Как влюбленный, он чувствовал некоторые неприятные и неутешительный предзнаменования в горячем участии своей властительницы к Риенцо. Он охотно бы приписал беспокойство синьоры Чезарини какой-нибудь патриотической фантазии или мысли о мщении. Но он должен был признаться самому себе в каком-то ревнивом опасении недоброго и сокровенного побуждения, которое задевало его тщеславие и тревожило его любовь. Впрочем, думал он, я могу воздействовать на нее собственным ее оружием, я могу выхлопотать освобождение Риенцо и потребовать наградил. В случае отказа рука, отворившая тюрьму, может опять наложить оковы.

Эти мысли еще занимали кардинала и дома, как вдруг он был потребован к первосвященнику.
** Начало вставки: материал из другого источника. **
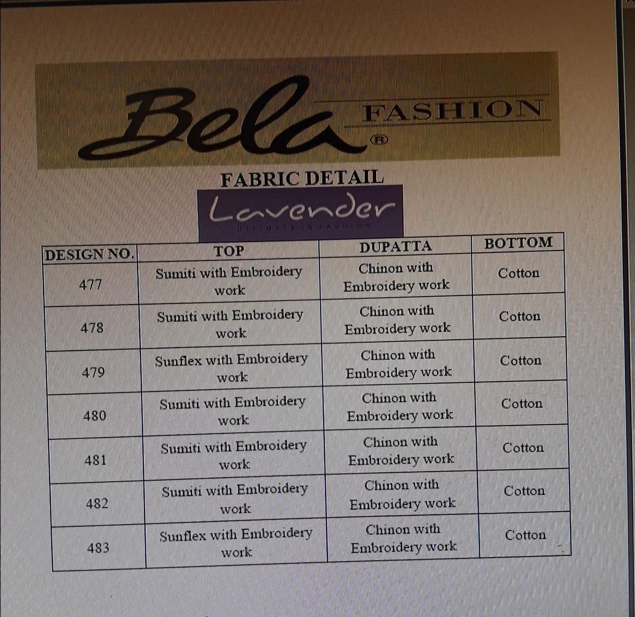 Buy Online Lavender By Bela Fashion Series 477 To 483 Embroidered Designer Suits Wholesale Supplier Gujarat 7 Pcs of Full Catalogue at Wholesale Price. Looking for Lavender By Bela Fashion Series 477 To 483 Embroidered Designer Suits Wholesale Supplier Gujarat Full Catalouge at Best Price? Buy Now Lavender By Bela Fashion Series 477 To 483 Embroidered Designer Suits Wholesale Supplier Gujarat at Wholesale Rate of Rs 11340 with Total 7 Pcs from authroized dealer and supplier of BELA Brand. Cost of Each piece is just only Rs 1620 which is very low and affordable price to resale the product in your retail store ,This is Surat based Wholesale Supplier & Dealer of BELA Brand. Click on Brand name to Know more about BELA Brand's products.Call or Whatsapp on 9898838984 for booking or enquiry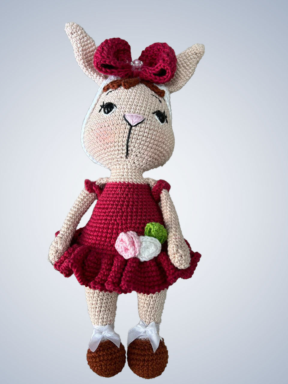 With her vibrant red dress and cute ears, the bunny is a symbol of charm and style. The carefully crafted dress adds a festive and cheerful touch to her appearance, making her a perfect choice for decorating children’s rooms, giving as a gift to someone special or simply adding a touch of cuteness to your home.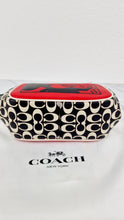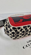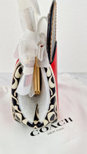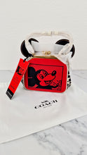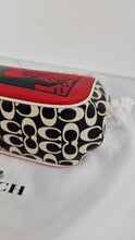 This is the absolutely adorable limited edition Coach kisslock bag in smooth red, chalk and black leather with Mickey Mouse ears from the Coach Disney Mickey Mouse x Keith Haring collection. It features a Keith Haring retro Mickey Mouse picture on the front and has Coach signature on the sides and bottom. The lining is smooth oxblood leather. It has two large compartments and inside one is a small flat pocket.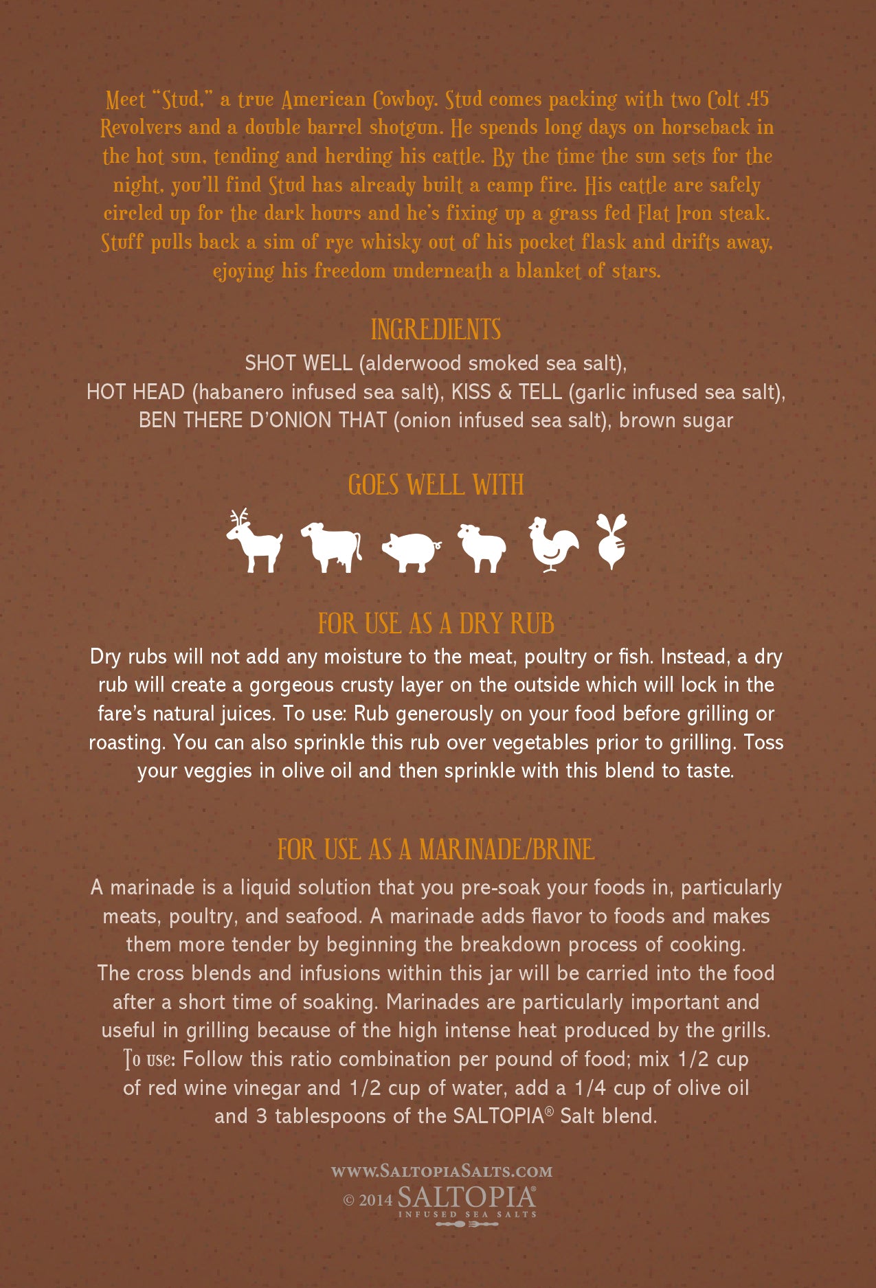 When cowboys enjoy a meal out on the range, the flavor combinations offer true smoke, rooted vegetables and of course a tick of heat! We've finished that robust combination with dark brown sugar to sweeten the style! This flavor is simply the cowboys "go to" for all to enjoy on beef, poultry, pork and more. Read about our cowboy flavor on STUD's card.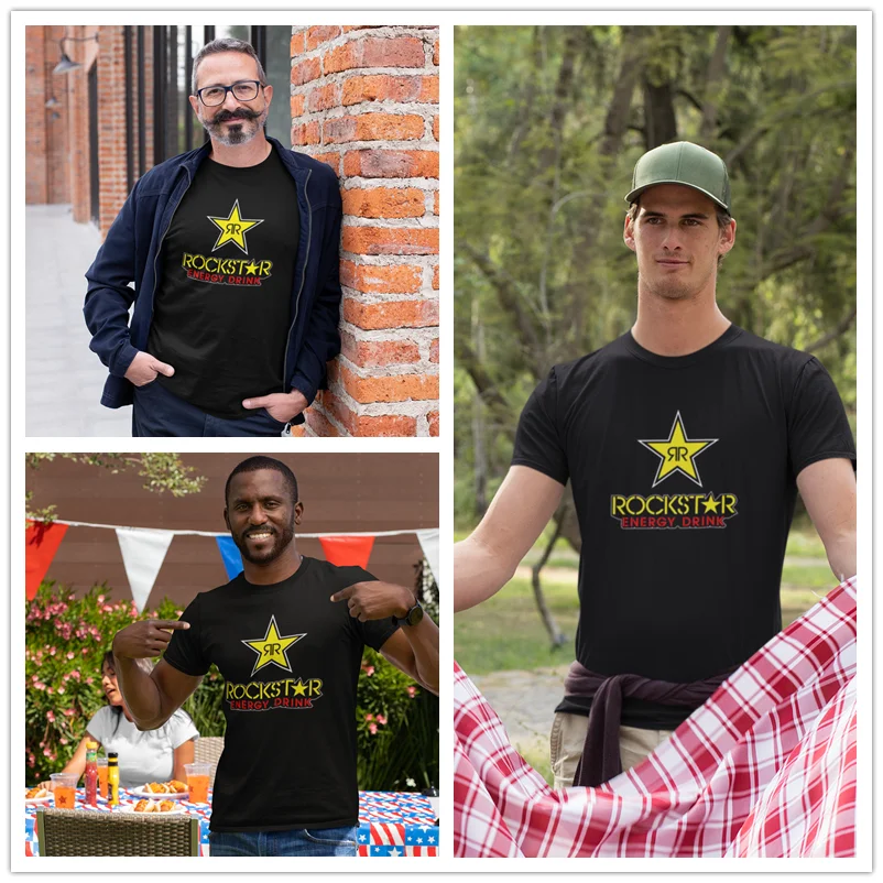 Футболка с надписью Energy Drink, футболка с изображением рок-звезд и энергетических напитков, базовая футболка из 100 хлопка, Мужская футболка с коротким рукавом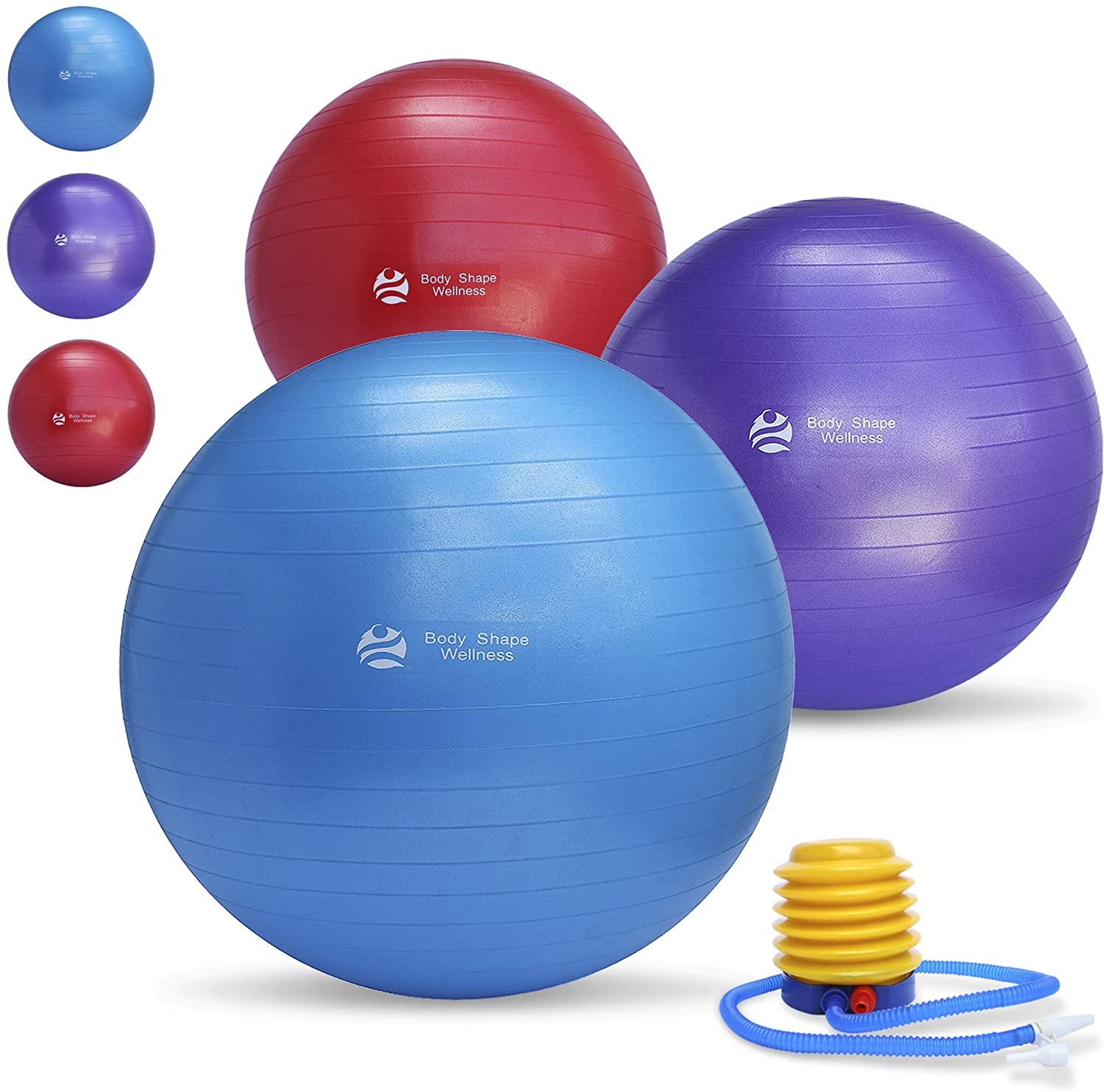 Body Shape Wellness – Premium Exercise Gym Quality Ball with Pump-55cm/65cm/75cm – Well Tested up to 2000lbs Antiburst Stability Ball

Его святейшество сидел перед небольшим столом грубой работы, заваленным бумагами; лицо его было скрыто в руках. Комната была меблирована просто; в небольшом углублении возле окна стояло распятие из слоновой кости; внизу его лежал череп с костями, украшение, которое находилось в жилищах большей части тогдашних монахов. На полу ниши лежала карта папских владений, на которой в особенности резко и ясно были обозначены крепости. Папа тихо поднял голову, когда ему доложили о кардинале, и открыл таким образом свое пропое, но одухотворенное и довольно интересное лицо.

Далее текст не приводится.